Let's fix some vertex $$$v$$$ for which the answer is being calculated. Suppose the degree of the vertex $$$v$$$ in the tree is $$$deg_v$$$, then it's clear that it's necessary to add $$$deg_v - 1$$$ edges. Consider the components that appear after removing $$$v$$$. Then, the goal is to use the new edges to unite all the components into one, using the minimum total cost. This is the same as finding the minimum spanning tree in a graph, where the vertices are the components that resulted from removing $$$v$$$, and for every $$$a, b$$$, an edge with a weight of $$$|a - b|$$$ is drawn between the components containing $$$a$$$ and $$$b$$$.
Let's simulate Kruskal's algorithm for this graph.

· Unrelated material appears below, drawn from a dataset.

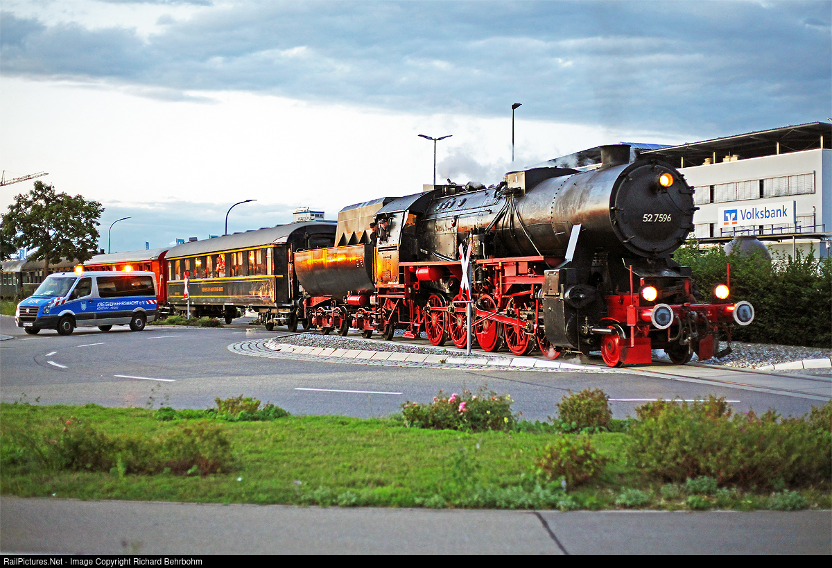 52 7596, a Kriegslok 2-10-0 BR 52 of association Eisenbahnfreunde Zollernbahn (EFZ), is crossing the "Volksbank traffic roundabout" with a charter train from Singen to Etzwilen. This heritage railway, a former SBB line, is 13 km long and was never electrified.
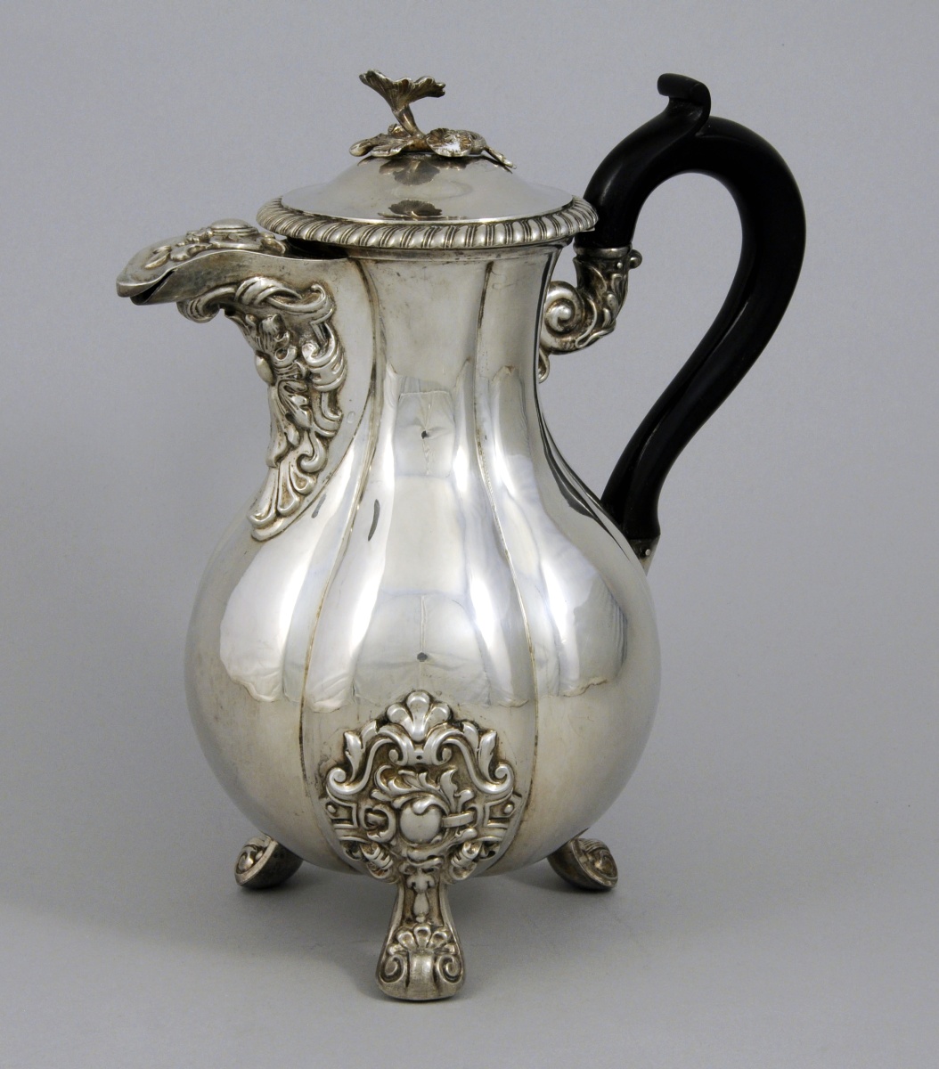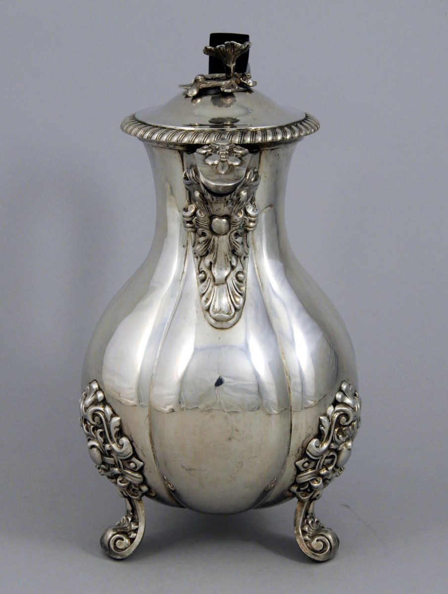 CAFETIÈRE en argent de forme balustre à côtes. Couvercle à prise en forme de fleur, bec à écusson et feuilles d'acanthe. Repose sur trois pieds à coquilles et attaches de cuirs découpés. Anse en bois noirci.

Consider all the single-weight edges in this graph: $$$(1, 2), (2, 3), ..., (v - 2, v - 1), (v + 1, v + 2), ..., (n - 1, n)$$$. It's clear that using the single-weight edges, the vertices with numbers $$$[1, v - 1]$$$ will definitely end up in one component, and the vertices with numbers $$$[v + 1, n]$$$ will also end up in one component. To unite these two components, it would be optimal to add an edge $$$(v - 1, v + 1)$$$.
It turns out that it's sufficient to consider only all the single-weight edges and the edge $$$(v - 1, v + 1)$$$. Let's limit the number of single-weight edges to $$$O(deg_v)$$$. For this, in each component $$$u$$$, calculate $$$mn_u$$$ and $$$mx_u$$$ — the minimum and maximum in the component, respectively. Claim: among the single-weight edges, it's sufficient to consider edges of the form $$$(mn_u, mn_u - 1)$$$, $$$(mx_u, mx_u + 1)$$$.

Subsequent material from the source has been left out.